Após 10 a 15 minutos, ligue a lâmpada, ligue o banho de água e coloque a temperatura do suporte em 37 graus Celsius. Em seguida, abra o software de espectro de CD e defina a temperatura para 37 graus Celsius, o comprimento de onda varia em 180 a 300 nanômetros, o tempo por ponto para 0,5 segundos, e o número de varredura para cinco, em seguida, clique no visualizador de dados pro, faça um novo arquivo e renomeie-o com os detalhes do experimento e da data. Em seguida, misture as reações de base e experimentais por pipetação e transfira cuidadosamente as misturas de reação uma a uma para a cuvette, garantindo que não haja bolhas de ar.
Se realizar um experimento de curso de tempo, incubar as reações a 37 graus Celsius pelo tempo necessário, então faça a varredura. Adicione EDTA ao tampão contendo o DNA, ATP, magnésio e proteína para parar a hidrólise ATP. Para inibir completamente a atividade atpase, aumente o tempo de concentração e incubação de EDTA.
Subtrair as linhas de base das reações correspondentes no software e suavizar os dados no software de espectro de CD ou no software de plotagem de dados, em seguida, traçar um gráfico de comprimento de onda contra elipticidade de resíduos médios e analisar os picos. As dobras M mostraram que ambos os fios do DNA MYC poderiam formar uma estrutura semelhante a um laço de haste.

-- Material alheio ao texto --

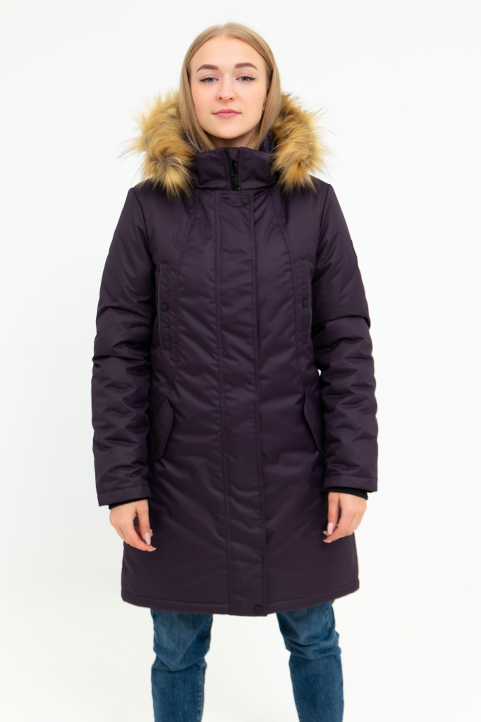 Удлиненная зимняя куртка для женщин прямого силуэта из влагостойкой, дышащей ткани. Отстегивающийся капюшон со съёмной опушкой из искусственного меха. Подкладка из шелка с внутренним карманом на липучке. Центральная молния закрыта планкой на кнопках и липучках. 4 наружных кармана на кнопках. Рассчитана на температуру от -10 до -25.

As estruturas de dobra M da frente e a sequência de DNA reverso contendo o GECE G quádruplo são mostradas aqui.
O espectrômetro de CD de GECE resfriado rápido na ausência e presença de ATP e ADAAD mostrou que a ADAAD induz dois picos positivos, um a 258 nanômetros e outro a 210 nanômetros. A adição de EDTA revoga essa mudança conformacional. O espectro de CD agora tem um pico negativo de 210 nanômetros e uma ampla faixa positiva com picos de 230 e 250 nanômetros.
A análise de mapeador QGRS e M-fold mostrou que as regiões promotoras de DROSHA, DGCR8 e DICER possuem o potencial de formar estruturas quádruplas G e semelhantes a troncos. O espectro de CD do par DROSHA cinco mostrou que a ADAAD induz um pico negativo em 210 nanômetros e um pico positivo de 260 nanômetros. Este espectro é uma característica do ADNA.

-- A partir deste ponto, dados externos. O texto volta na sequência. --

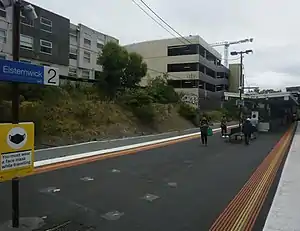 In 1915, an electric tramline between Elsternwick and Point Ormond opened. It closed on 22 October 1960, after which the tram route became part of an extended 246 bus route. In February 1959, a project commenced to eliminate the Glen Huntly Road level crossing, where a tramway also crossed the rail line. A temporary two-track station was provided in a side street parallel with the station, which allowed rail services to continue uninterrupted. In October 1960, the work was completed, which was when the present railway buildings were provided.[6][7][8]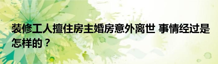 近日,長沙的一位裝修工人在房主需要裝修的婚房內突發意外,不幸離世。據悉,該婚房當時已經停工,該工人是晚上從別墅的窗戶進去,擅自住在里面。在有關部門的調解下,出于人道主義,黃女士對裝修工人的家屬進行了兩萬八千元的賠償。

Os espectros de CD do par DGCR8 um mostrou um pico positivo de 210 nanômetros e um amplo pico negativo de 260 nanômetros. Este espectro é característico da transição B para X. Para o par DGCR8 sete, foram observados fortes picos positivos de 210 e 270 nanômetros e um pico negativo de 250 nanômetros.
Este espectro é característico de estruturas de DNA quádruplo G paralelo. Por fim, para o par DICER um, um pico positivo de 210 nanômetros e dois picos negativos, um a 230 nanômetros e o outro a 260 nanômetros foram observados. Esses picos são característicos de uma transição de DNA de A a X.
Certifique-se de que a pureza do DNA e da proteína é de 99% ou mais. O cuvette deve estar limpo e a linha de base deve ser inferior a um milídeo. Todos os reagentes devem ser puros para que o fundo seja inferior a um milídeo.